И только заведующая родильным отделением, горбатенькая Арина Петровна, прибежавшая еще утром, так и не успев вздремнуть после бессонной ночи — борьбы за Алешкину жизнь, оставалась почти спокойной. Глубоко верующий человек, много страдавшая за веру, она спасала сотни детей и женщин, за что ее и держали на работе. Она потеряла взрослую дочь, которую с великим трудом и Божьей помощью выносила когда-то. И она очень не хотела потерять Юльку. Но Арина Петровна заглянула в Юлькины глаза и поняла, что ее здесь не удержать. Такая воля глянула из темных влажных глаз, такая неземная воля, с которой не поспорить земными средствами.
Арина Петровна обнимала Юлькины окаменевшие плечи, целовала бесчувственное лицо, шептала в неслышащие уши те слова, которыми только мать может утешить отчаявшееся дитя. Все было бесполезно.
Юлька трудилась. До вечера сопротивлялось тело, но перед Любовью оно было бессильно. И Арина Петровна увидела миг радости, миг блаженства в Юлькиных тускнеющих глазах, когда Юлька издала последний, шумный облегченный выдох.
Через день молодой седой мужчина и убитый горем старик забирали из морга два гроба, большой и маленький. У Алешки была травма, несовместимая с жизнью. У Юльки на вскрытии не нашли отклонений от нормы.


НА СТАРОСТИ ЛЕТ

Николай Иванович с Марьей Васильевной жизнь свою ровно и тихо прожили, хотя было на их веку всякое — и колхоз, и война, и раны, и смерть доченьки еще во младенчестве. Один сын остался, да и тот — на Дальнем Востоке, за тридевять земель, как любит приговаривать Марья Васильевна.
После войны обосновались они в районном городке, купили домишко, обустроили его и вот уж полвека тут. Огород, двор, все, что для жизни надо, есть. Только жизнь к краю подошла, к тому, когда все это уже не в радость, а в тягость. Вот и подал Николай Иванович заявление на квартиру, так как я, мол, фронтовик и много раз раненый: а дом, хоть и жалко, дарю государству. С тех пор вот уже пять лет плачет Марья Васильевна, дом жалеет, а очередь на квартиру никак не шевелится.
И вдруг, как снег на голову, нате вам однокомнатную, хоть сегодня переезжайте.
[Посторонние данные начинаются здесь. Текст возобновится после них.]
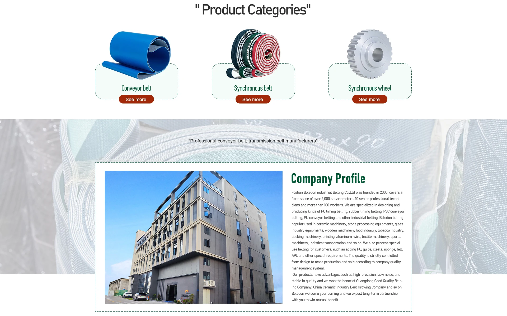 주요 제품:산업용 컨베이어 벨트, 타이밍 벨트, 전송 벨트, 폴리 우레탄 동기 벨트, 산업용 기계 벨트
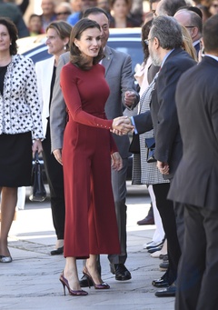 Krolowa Letizia - total look - na bordowo
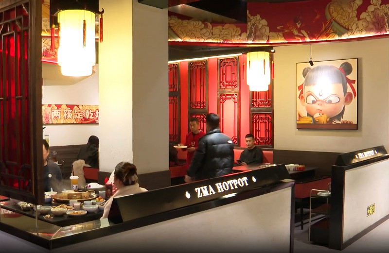 位於冠英古街的吒火鍋負責人胡豆豆介紹,電影熱映為門店帶來了顯著關注度和持續客流,不少客人專程前來體驗,門店為此設計了哪吒主題套餐,讓消費者在品嘗美食的同時,沉浸式感受哪吒文化魅力。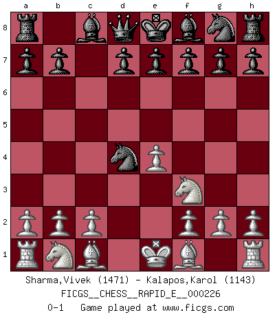 Last move : 0-1 2019 April 29 13:57:56 [Event "FICGS__CHESS__RAPID_E__000226"] [Site "FICGS"] [Date "2019.04.17"] [Round "1"] [White "Sharma,Vivek"] [Black "Kalapos,Karol"] [Result "0-1"] [WhiteElo "1471"] [BlackElo "1143"] 1.e4 c5 2.d4 cxd4 3.Qxd4 Nc6 4.Nf3 Nxd4 0-1 Sicilian : Smith-Morra gambit Player Black won this chess game. Follow this game move after move (download)We don't really know how the game was invented, though there are suspicions. As soon as we discover the culprits, we'll let you know. (Bruce Pandolfini) Rauchen ist dem Schachspieler bei seiner Arbeit, also im Wettkampf, untersagt. (Viktor Kortschnoi) No todos los artistas son jugadores de Ajedrez, pero todos los jugadores de Ajedrez son artistas. (Marcel Duchamp) La victoire dans une partie d'Echecs appartient la plupart du temps à celui qui voit un peu plus loin que l'adversaire. (Lasker) Luck never made a man wise. (Seneca, Letters to Lucilius)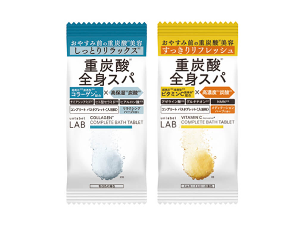 〝重炭酸(※)全身スパ〟で、おやすみ前にリラックス。「アンレーベル ラボ」バスタブレット2種を3人に

Вернулся Николай Иванович из администрации, сел на диван, посмотрел поверх очков на старуху, покачал головой:
— Не-е, в однокомнатную не пойду... Неужто я себе двухкомнатную не завоевал?..
— Завоевал, завоевал, — закивала Марья Васильевна, видя, что он распаляется, опять с сердцем приступ будет.
— Не пойду-у, — трубил Николай Иванович. — Петракову двухкомнатную дали...
— Дак у него сын с ними, — возразила жена.
— Никифорову двухкомнатную...

— А этот внучку прописал, — не вытерпела Марья Васильевна.
— Ну чего ты встреваешь, хоть внучку, хоть жучку, а не пойду. Я телевизор гляжу, а ты за двумя дверями жалишься, что мешает. А там как будем? Мы же им три комнаты отдаем. Я же мог продать этот дом да сыну денежки подарить...
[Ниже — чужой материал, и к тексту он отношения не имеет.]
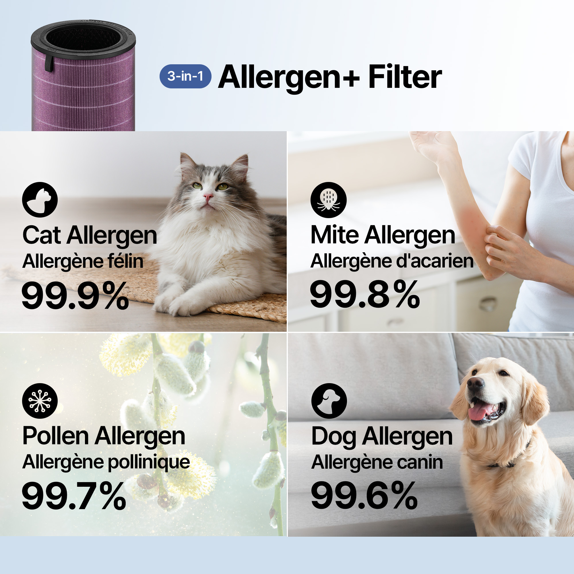 10 Tested by the Guangzhou Institute of Microbiology, exposed the filter media to protein solutions for 24 hours under ISO 4333-2022 standard. The results showed strong reduction performance: >99.79% for pollen, >99.60% for dog allergen, >99.90% for cat allergen, and >99.80% for dust mites matter allergen. Actual results may vary depending on room size, airflow, and pollutant levels. Tested with Airmega 350, 450

Долго сидел Николай Иванович, притулившись спиной к печке, грел старые кости, сетовал на несправедливость жизни и властей. Марья Васильевна лежала рядом на диванчике, вздыхала, то поддакивала, чтоб не раздражать, то перечила, когда его шибко уж заносило. Встала, капель мужу накапала «упокоительных», как она их называла, погладила по лысеющей голове, уговорила ложиться спать.
Уже сверчок за печкой начал свою занудную, еженощную песню, уже луна вплотную к окошку подошла и просочилась сквозь прикрытые ставни, когда подхватился Николай Иванович и пришаркал в женину комнату. Присел в исподнем, белый как привидение, на край постели.
— Ты чево, полуношник, шаришься, токо дрема нашла, перепугал до стукоты в сердце, — Марья Васильевна приподнялась над подушкой, держась за грудь.
— Все, старуха, разводиться нам, видать, нужно, — решительно произнес муж.
— Сдурел ты что ли, среди ночи-то мозги у тебя перевернулись набекрень со всеми этими затеями.
— Да ты послушай сначала, вечно встреваешь, рта разинуть не даешь. Идея у меня, разведемся, и тогда все: они ж каждому должны будут по квартире дать. А потом снова сойдемся, поменяем на двухкомнатную.
Марья Васильевна сначала в толк взять не могла, чего он хочет, а когда поняла, заявила:
— Грех это, эдаким-то путем своего добиваться!
— Может, и грех, — рассерчал муж, — а иного путя у нас с тобой нету. Здорово они о грехе думают, что хотят нас с тобой в эту клетку затолкать. А сын приедет, и положить негде.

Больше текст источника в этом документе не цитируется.